Complete coverage
The Atlanta Journal-Constitution has spent years following infighting, funding lapses and legal challenges plaguing the state’s ethics commission. To see a timeline detailing that coverage plus copies of documents associated with the most recent turn in the story, go to MyAJC.com.
The Atlanta Journal-Constitution on Wednesday filed a complaint with Attorney General Sam Olens to “take all necessary measures” to ensure the ethics commission and its director, Holly LaBerge, to comply with the state’s Open Records Act.
Attorneys for the paper say specifically that LaBerge failed to comply with the act when she did not turn over a now-controversial memo to the AJC in response to a records request filed in July 2012.
On July 26, 2012, the AJC requested “access to and copies of all records, including interviews, audits, emails, faxes and any and all documents including case files” related to the investigation into Gov. Nathan Deal’s 2010 campaign.
LaBerge released thousands of pages of documents related to the Deal investigation, but not the memo, which was dated July 17, 2012. Reporters quickly realized records were missing. After the AJC asked the Attorney General’s Office to intervene, LaBerge released more documents, but still the memo was missing.
The AJC revealed the memo's existence last week. In it, LaBerge details what she says are text messages and phone calls she received from top Deal aides in the week before the commission was to rule on the complaints against him. LaBerge said Deal chief of staff Chris Riley and chief counsel Ryan Teague "pressured" her and that Teague threatened the agency if several of the cases weren't settled without a hearing.
The commission met July 23, 2012, and dismissed major charges against Deal, who had been accused of improperly raising and spending campaign funds.
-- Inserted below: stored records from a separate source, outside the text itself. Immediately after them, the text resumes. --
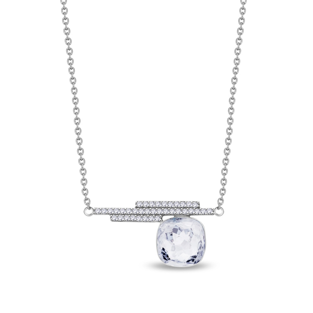 La combinaison du cristal carré et des trois lignes de zircones crée un équilibre harmonieux entre design contemporain et glamour intemporel. Qu'il soit porté comme point central d'une tenue formelle ou pour ajouter une touche de luxe à une tenue de tous les jours, ce collier laissera certainement une impression durable, ce qui en fera un ajout précieux à toute collection de bijoux.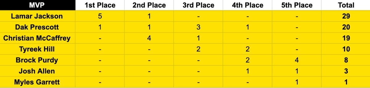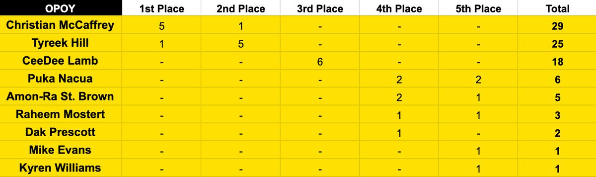 While CeeDee Lamb made a strong push, this was a two-horse race for most of the season. Christian McCaffrey and Tyreek Hill had all-time seasons at their respective positions, and either is a deserving option to win this award. However, the TDN staff clearly favors McCaffrey for his touchdown scoring and overall importance to the 49ers' offense.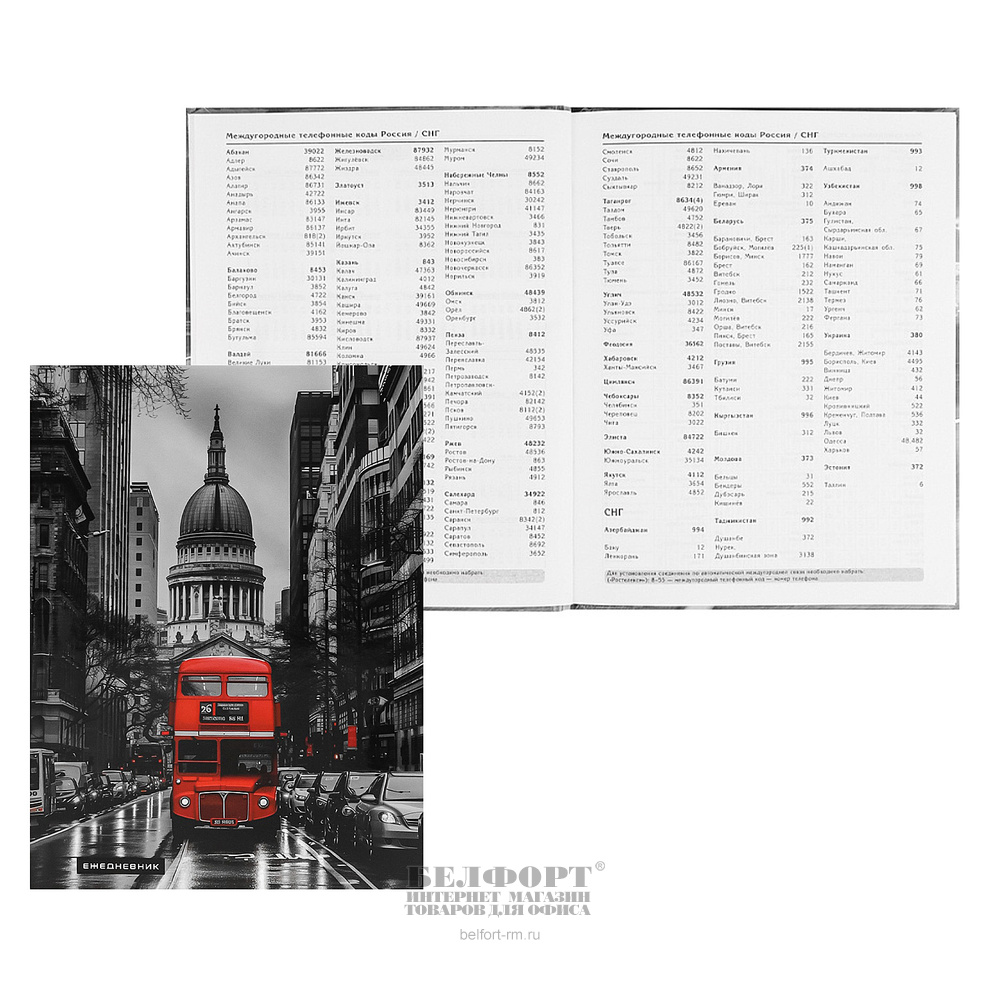 Ежедневник недат. А5, картон ламинированный, Collezione, "Улицы Лондона", 80л, глянцевый, в твердом переплете, цветной, белый блок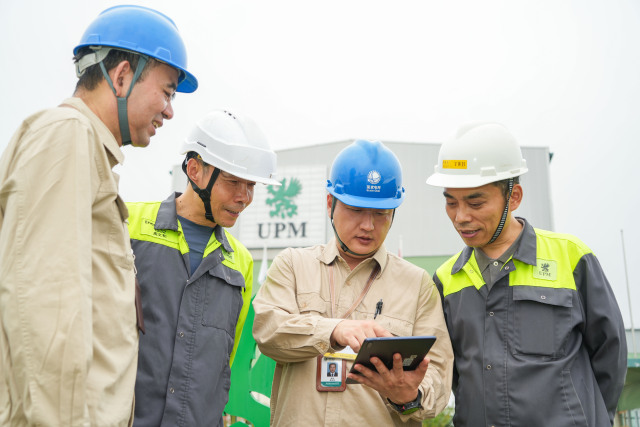 10月1日下午13时,在芬欧汇川(常熟)纸业有限公司生产车间里,纸浆打浆机、纸张机、切纸机和烘干机轰鸣声不断,3条文化用纸生产线满负荷运转。苏州常熟市供电公司大客户经理唐懿刚、用电检查员庾杨正在现场回访了解用户实际设备启用、生产负荷情况。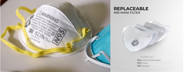 Solda N95 maskesi ve sağda düzenli aralıklarla değiştirilmesi gereken filtresi.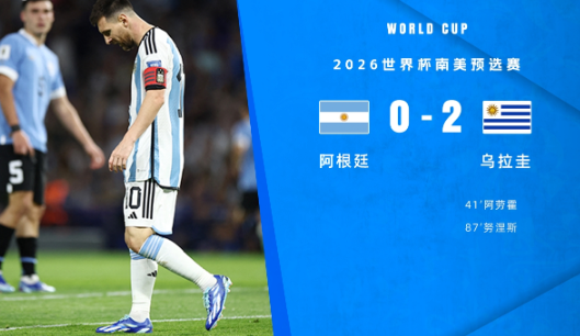 北京時間11月17日08:00,世預(yù)賽南美區(qū)第5輪,阿根廷主場迎戰(zhàn)烏拉圭,上半場努涅斯低射造險,阿勞霍爆射破僵局,半場結(jié)束,阿根廷0-1烏拉圭。下半場梅西定位球中框,努涅斯單刀鎖定勝局,最終阿根廷0-2不敵烏拉圭。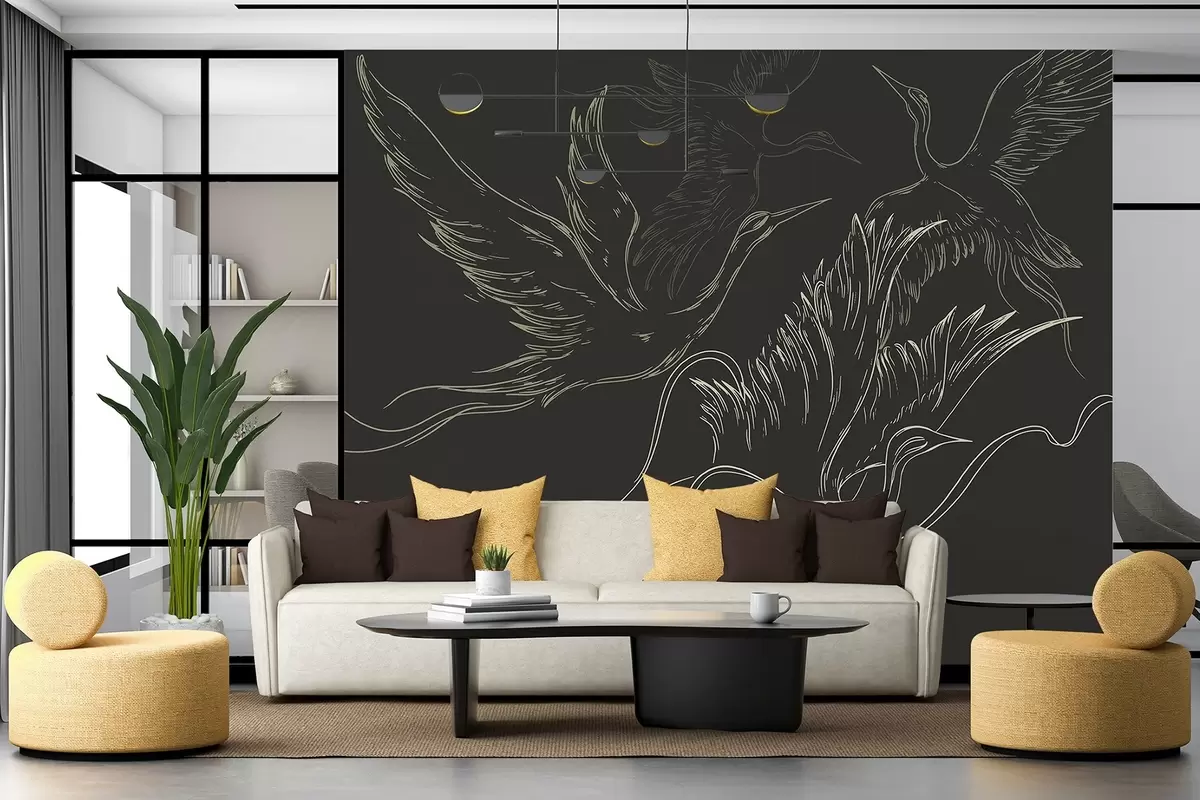 The addition of the wall mural featuring birds flying over a dark background transformed the living room into a serene escape. The minimalistic line art creates a striking contrast that draws the eye, adding depth without overwhelming the space. The subtle depiction of flora and fauna establishes a harmonious connection with nature, making the room feel more open and inviting. This artistic choice enhances the overall ambiance, promoting a sense of tranquility and sophistication in the living environment.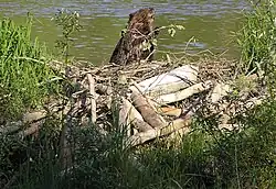 A strategy for dealing with seasonal plenty is to eat as much as possible and store the surplus nutrients as fat. Marmots do this, and may be 50% heavier in the autumn than in the spring. They rely on their fat reserves during their long winter hibernation.[33] Beavers feed on the leaves, buds, and inner bark of growing trees, as well as aquatic plants. They store food for winter use by felling small trees and leafy branches in the autumn and immersing them in their pond, sticking the ends into the mud to anchor them. Here, they can access their food supply underwater even when their pond is frozen over.[34]

Deal agreed to pay $3,350 in administrative fees for technical defects in his campaign disclosures.
It has become clear, attorneys Tom Clyde and Lesli Gaither wrote to Olens, that “production of records by the commission was woefully incomplete.”
Jeff Milsteen, chief deputy attorney general, said in a response to the paper that it appears “a number of documents contained in Ms. LaBerge’s personal email accounts may well have been responsive” to the paper’s request.
However, he said, because Olens’ office still represents LaBerge in a related lawsuit, “this mater presents insurmountable conflicts in our ability to independently investigate or pursue separate open records violations.”
Milsteen said state law allows the paper to pursue its own court action to enforce the records act.
Anyone who “knowingly and willfully violates” the Open Records Act “by failing or refusing to provide access to records not subject to exemption within the statutory time frame” can be found guilty of a misdemeanor and fined up to $1,000.